The Proposed Solution: A Multimodal Fusion based Market Forecaster
So, here’s my vision: a multimodal fusion forecasting architecture that ingests all kinds and modalities of financial data simultaneously to build a unified understanding of market’s state, dynamics and trajectory to provide probabilistic forecasts across varying time horizons.
Conclusion
I'm confident that a model built on this architecture would outperform a human analyst or a specialized, single-purpose algorithm. It would make decisions based on a more complete and holistically processed set of information than anything that has come before. I also admit that it’s extremely difficult and expensive to build with massive data, compute and engineering demands, and could potentially face regulatory obstacles. Then there’s the challenge of reflexivity: models that forecast may, if broadly deployed, invalidate themselves.

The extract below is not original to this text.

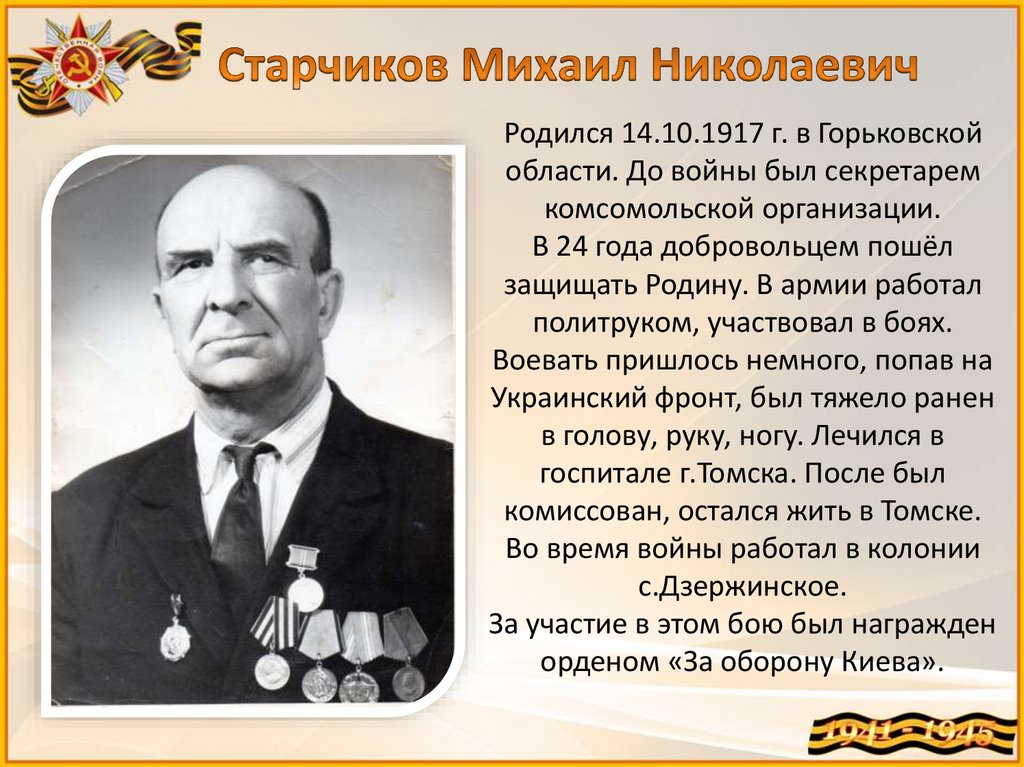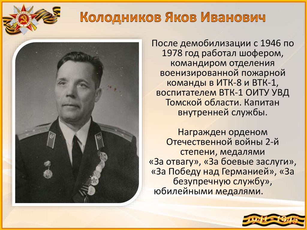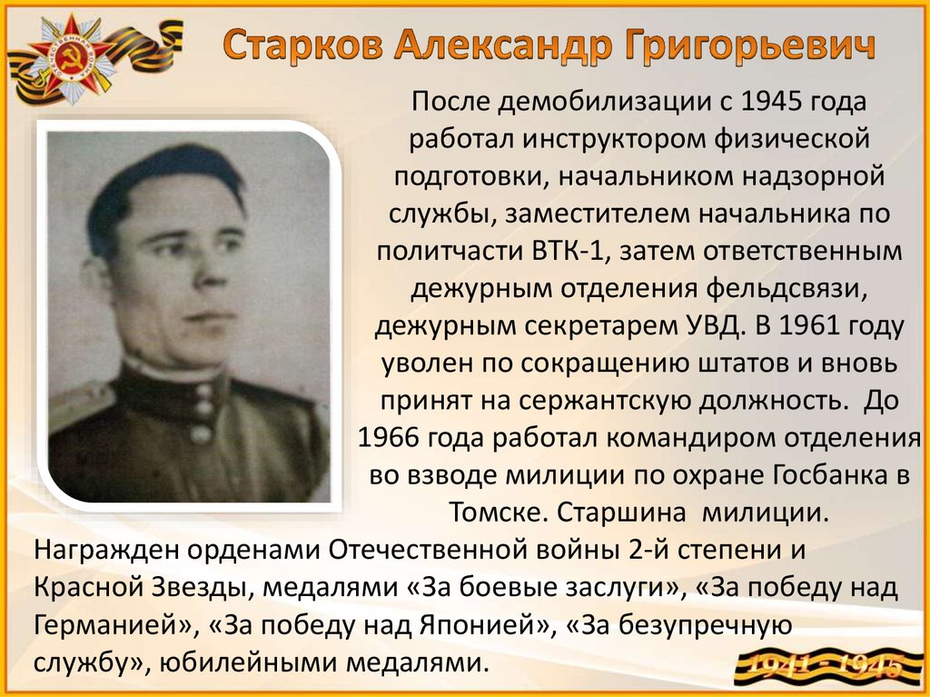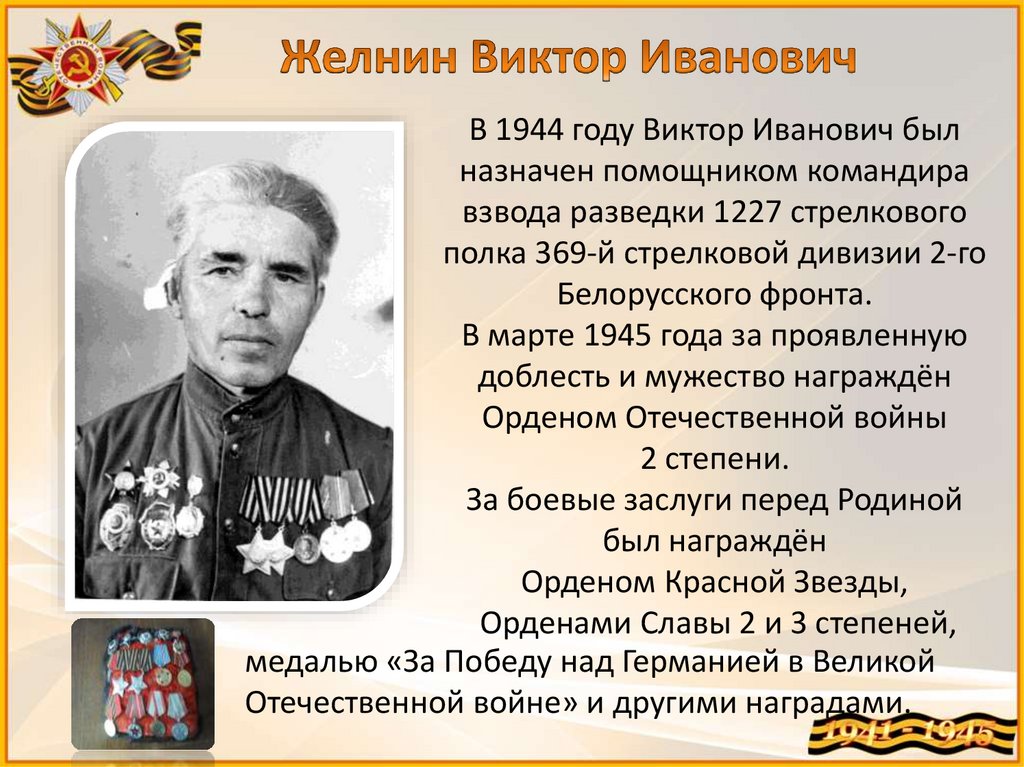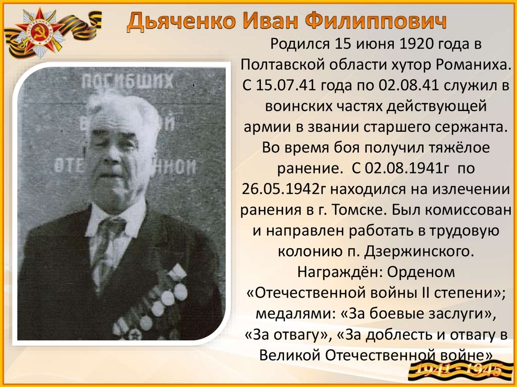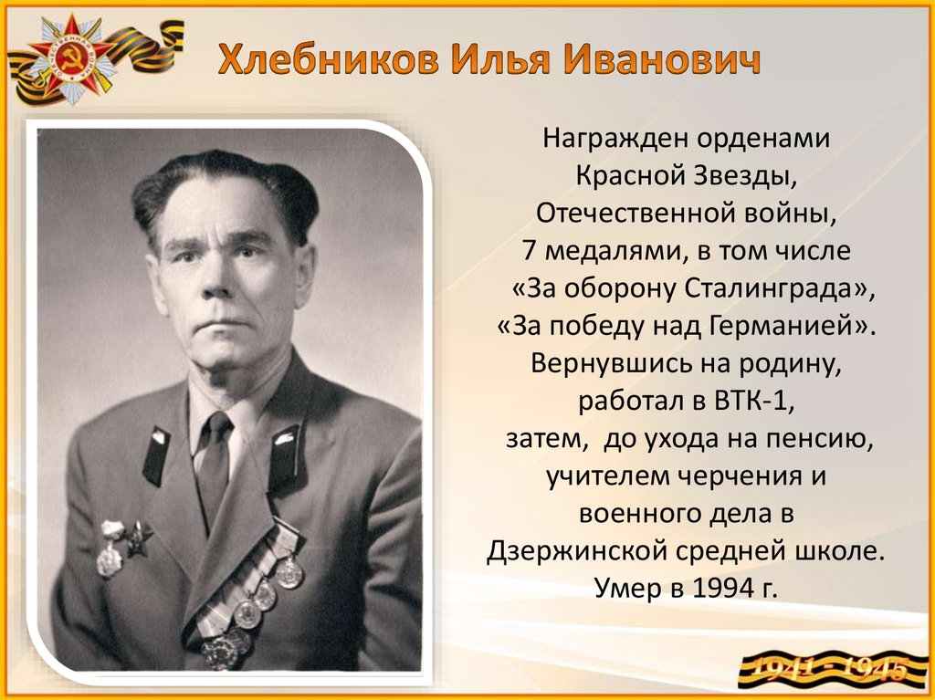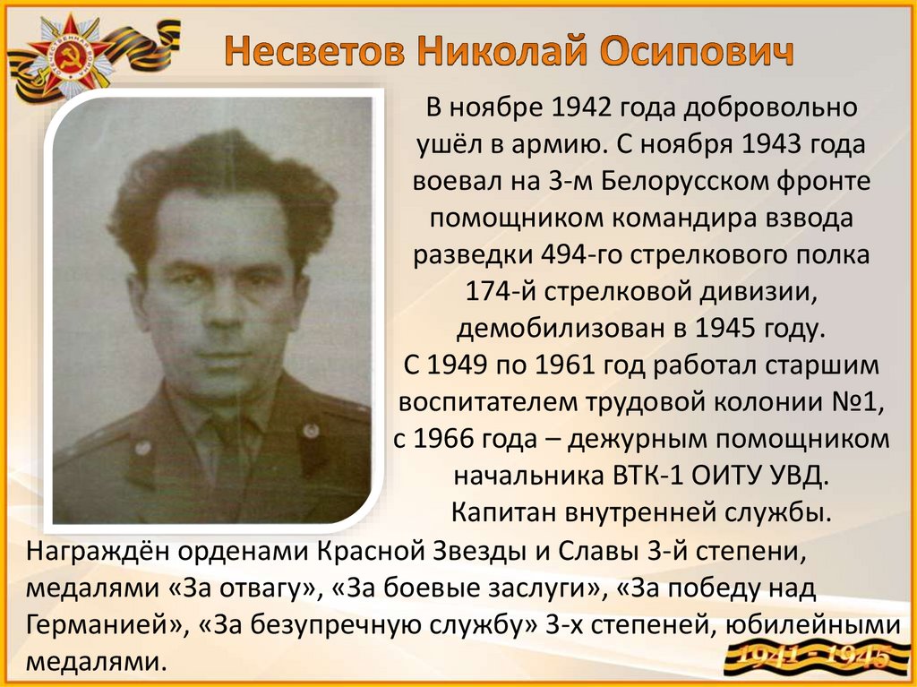 удостоен наград за боевые подвиги –ордена Красной Звезды, Отечественной

With so much of the AI world currently focused on the grand challenge of Artificial General/Super Intelligence (AGI/ASI), it's unlikely that major labs like Google or OpenAI would pivot to such a specialized, high-risk financial project. This leaves the field open to a few specific players. A data behemoth like Bloomberg, which sits on a large proprietary dataset, is one obvious candidate. Another is a well-funded, AI-native quantitative hedge fund like High Flyer (which owns DeepSeek). They might have the resources, the incentive, and the right kind of DNA.
Smaller, more constrained versions could probably be built today to prove the concept. One could start by focusing on a single asset class, like FX or a specific sector of the stock market. But ultimately, I believe a comprehensive, all-encompassing fusion model is the only path to obtain the holy grail of market forecasting.
Psychohistory may still be science fiction, but with multimodal fusion, a market forecaster is closer to become real.
Great read! Market timing is so challenging because, unlike physics, it depends on human behavior.
As Newton said, "I can calculate the motion of heavenly bodies, but not the madness of people."
And as Feynman joked, "Imagine how much harder physics would be if electrons had feelings!"